The women are silent. He wishes, as the sharp night air stresses the warmth of Tad's body, that he could situate himself coherently in the events that were unfolding. With his left arm free from Tad's embrace he keeps his hand on the photograph in his pocket. His fingers caress its surface, one side polished and fine besides the accumulated grit from his adventures, the other side rough like brick.
The Autoterm is a storefront revealed by a large single-paned window that opens into the common space. It's lit by two rows of lights set in a metal fixture hanging down from the paneled ceiling. That, and the sea-green glow of the monitors. The computers are situated on three oval counters in groups of six. Darling led them across the street. On entering they see the place is empty save two thin men on the outer two counters.
Darling still carries Holm's ID and the Autoterm access card. She gives the first back to Holm and inserts the other into the counter mounted card swipe. The slot is clogged with dust from disuse and she needed to scrape away some of the gunk with the edge of the card. She explains that adepts do not have their sequence registered with the computer labs, or with any gridded entity, since they could be traced by the Paternach.
He leans over Darling's shoulder as she sits at the terminal. Tad kneels between the counter top and Darling's seat. She operates the board very quickly and the words and images are hard to read, though Holm doesn't think he would understand in any case. Just as his eyes start to glaze over Tad exclaims, "Oh! This is something, right?"
"Probably," Darling says flatly.
"What is it?" asks Holm.
"It's a large file. Probably stolen. It has some markers that indicate the file originates from Heles Mining, which is a Paternach subsidiary."
"Do you think I stole it?"
"Almost certainly. Here, I'm printing it out."
Strange, he thought. He feels no connection between that person, a thief, and himself. He smiles though, warmed that his action, this other person that was him, had been valuable to his friends. He is glad he took those risks. Now he didn't have a choice; the risk was a condition of his living, likely as a consequence of this past life. The symbols burned bright in his brain as the ancient printer shot a ream of paper from its perch by the wall.
"Here we go," Darling says pointing at some tiny digits on the screen.
"What is it?" Holm squints but succeeds only in blurring the pixels on the screen.
"Well, another file, this one called "bblind.vyd", it's encrypted but . . ." A moment passes before Darling continues, "That's a street name. I can't open it but I'm sure it's a map. Billy Blind Street is in southwest sector four." This last bit she says quietly, as if trying to keep it to herself.

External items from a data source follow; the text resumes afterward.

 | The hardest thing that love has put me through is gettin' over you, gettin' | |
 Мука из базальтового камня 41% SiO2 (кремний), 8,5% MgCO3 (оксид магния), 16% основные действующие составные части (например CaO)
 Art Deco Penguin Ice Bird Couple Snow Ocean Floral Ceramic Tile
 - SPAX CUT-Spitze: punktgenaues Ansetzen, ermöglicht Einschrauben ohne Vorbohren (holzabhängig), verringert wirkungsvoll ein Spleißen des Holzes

"So?" Tad is confused, to say nothing of Holm who folds the other file in his hands as it spews out unevenly shrugging in ignorance at Darling's discovery. But the information has some significance and her breath sharpens. She folds her fingers together and cracks her knuckles in a quick snap.

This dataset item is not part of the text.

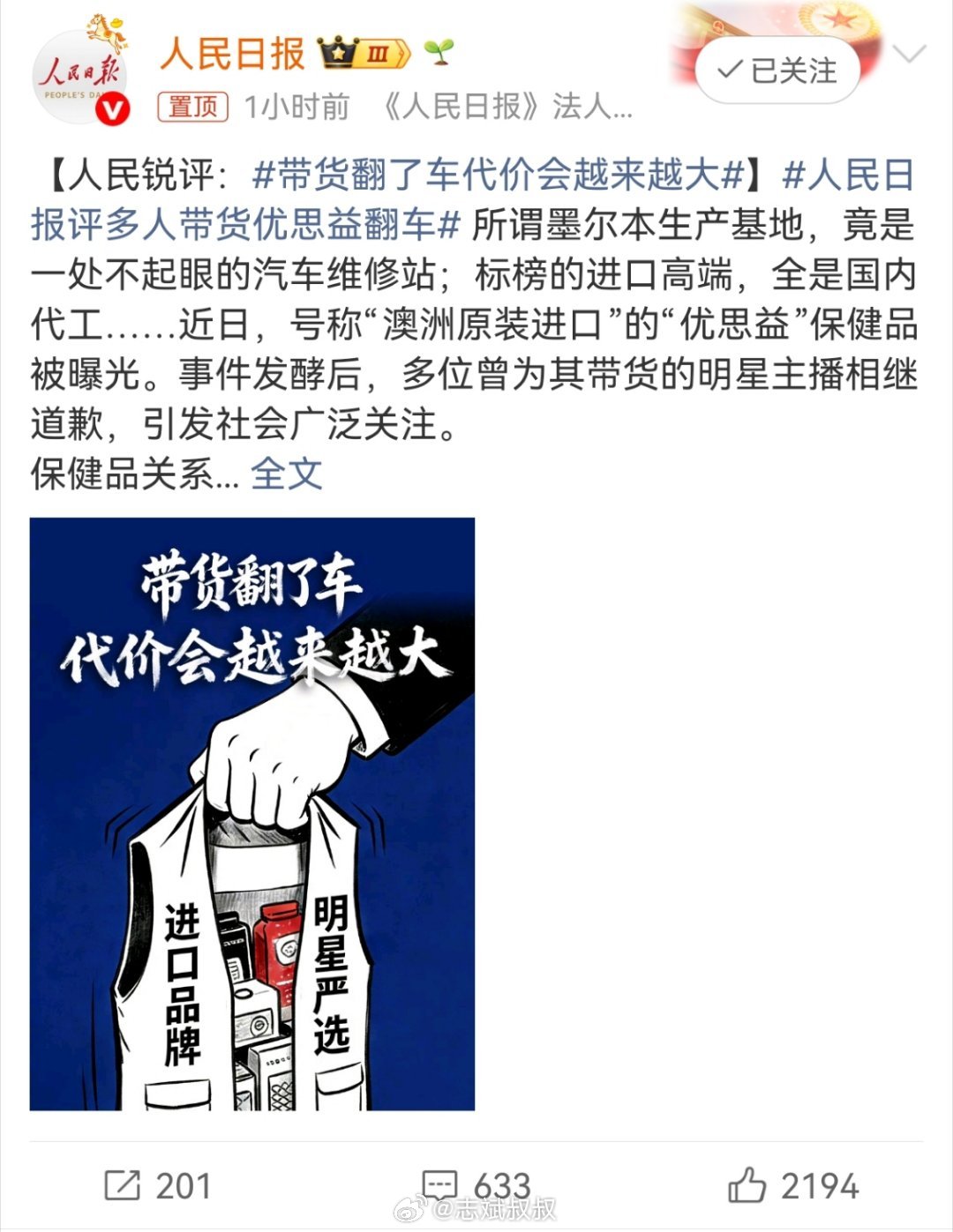 人民日报评多人带货优思益翻车这个优思益的保健品翻车,我觉得跟去年三只羊美诚月饼的事故是一样的,都是属于欺诈。

"I have to leave you now. Things are converging quickly." Her voice confirms the shift of attitude, of the need for haste.
"What about these papers?" he pleads.
"I'll take them with me, read them over on the way to the greenhouse." She is already pulling the ream of half-folded, half-crumpled papers from his arms before he can react.

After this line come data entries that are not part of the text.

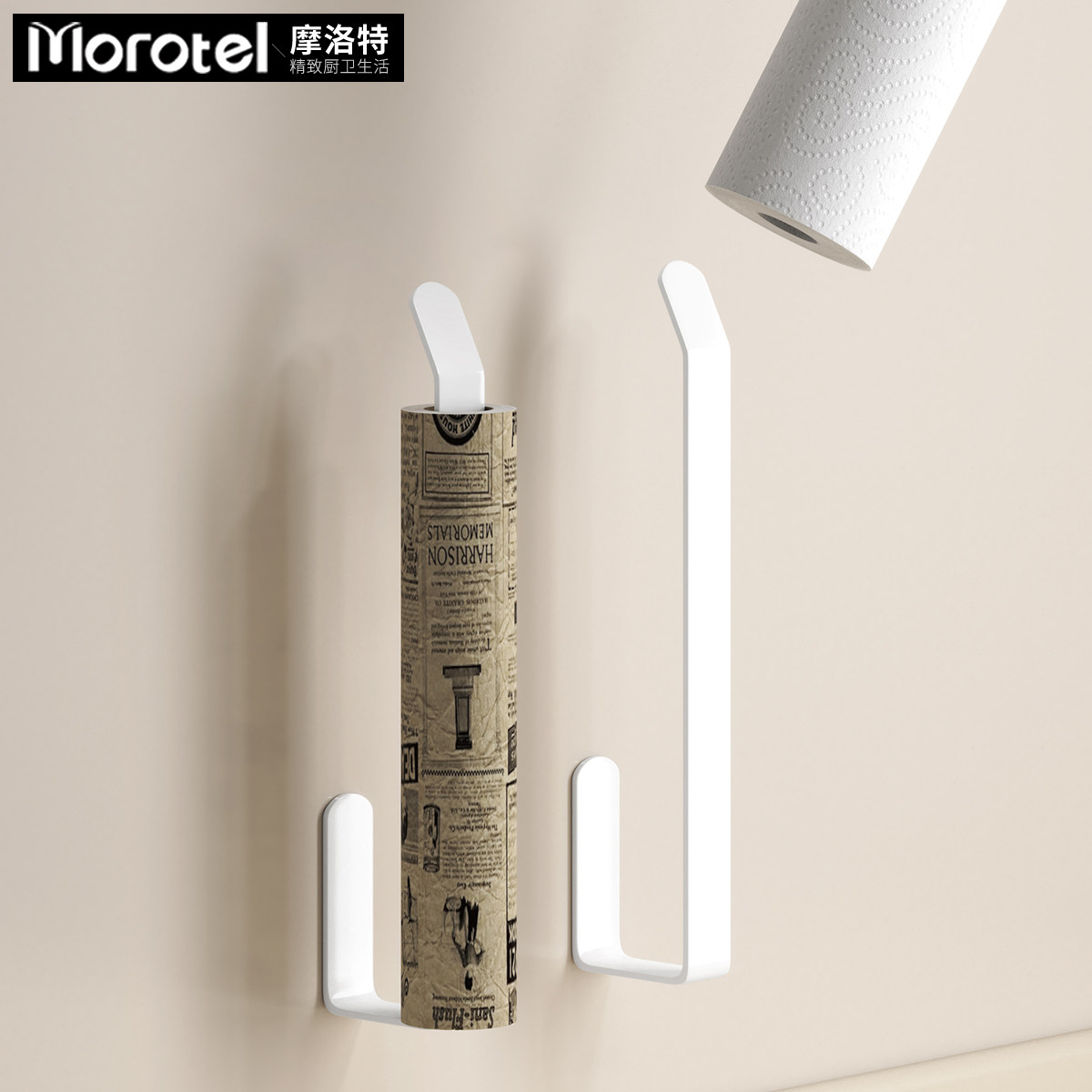 Кухня белая бумажная крючок крючок рулон держатель бумажной стойки пластиковой пленки без удара на кухонная стойка для хранения кухонной стойки на стенах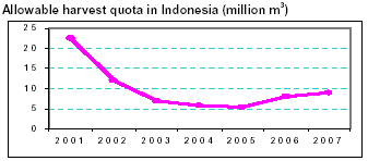 Indonesia's Minister of Forestry announced that the harvest quota for natural timber for 2007 would be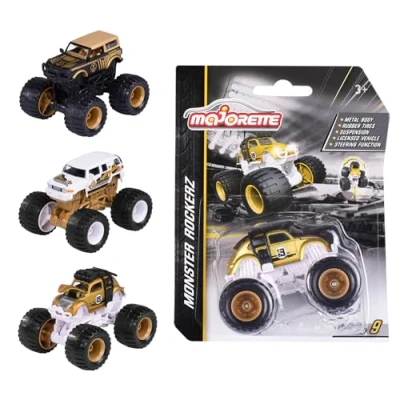 Majorette Gold Rockerz Monster Trucks 1 of 3 Random Toy Cars, Metal and Plastic Truck with Steering Function, Freewheel Suspension for Children Aged 3+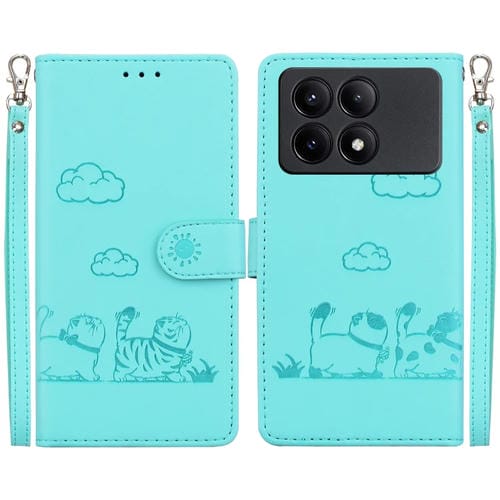 Funda de Cuero Rfid con Diseño de Gatos para Xiaomi Poco X6 Pro (Verde)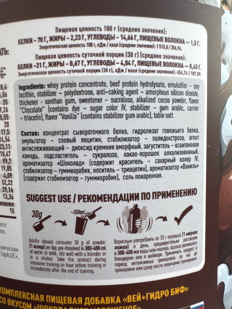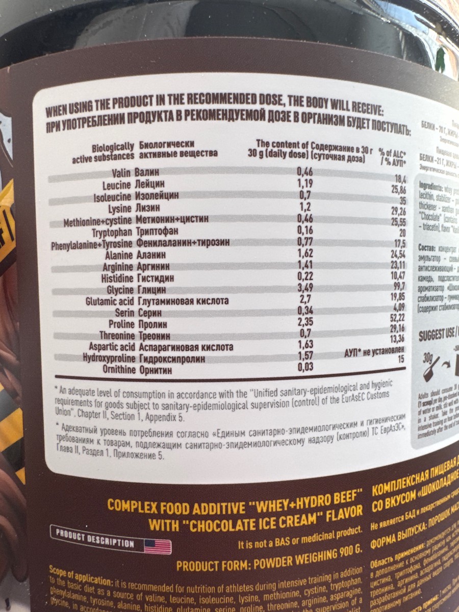 Отличный протеин с уникальным составом. Сочетание сыворотки и говяжьего протеина отлично восполняют запасы аминокислот. На вкус неожиданно но очень приятно, в меру сладко и не ощущается привкус говядины. Размешивается отлично, так что всем рекомендую попробовать !

"Hold on-" Tad says, holding her hands out as if to block the agent.
"I'll call you when we can meet."
"But what do we do now?" She twists away as Darling speeds to the door. Darling hesitates but she implacably refuses to turn to face them. The two thin men cease clacking away on their boards and look up at them as if the interlopers had just arrived.
"Tad." He approaches her and puts his hand on her shoulder. She shrugs it away.
"No, I won't be kept in the dark!" Her neck tenses as she fights back tears. When he speaks it is with a quiet severity that is new to him:
"She knows what she's doing. We can take care of ourselves."
"Ha."
Darling opens the door and finally looks at them. She is smiling but he can't tell if it's forced or not. She says, "Head for Billy Blind Street," and as the door closes behind her she stuffs the file between her body and her blazer, steals a glance down the street, and is gone.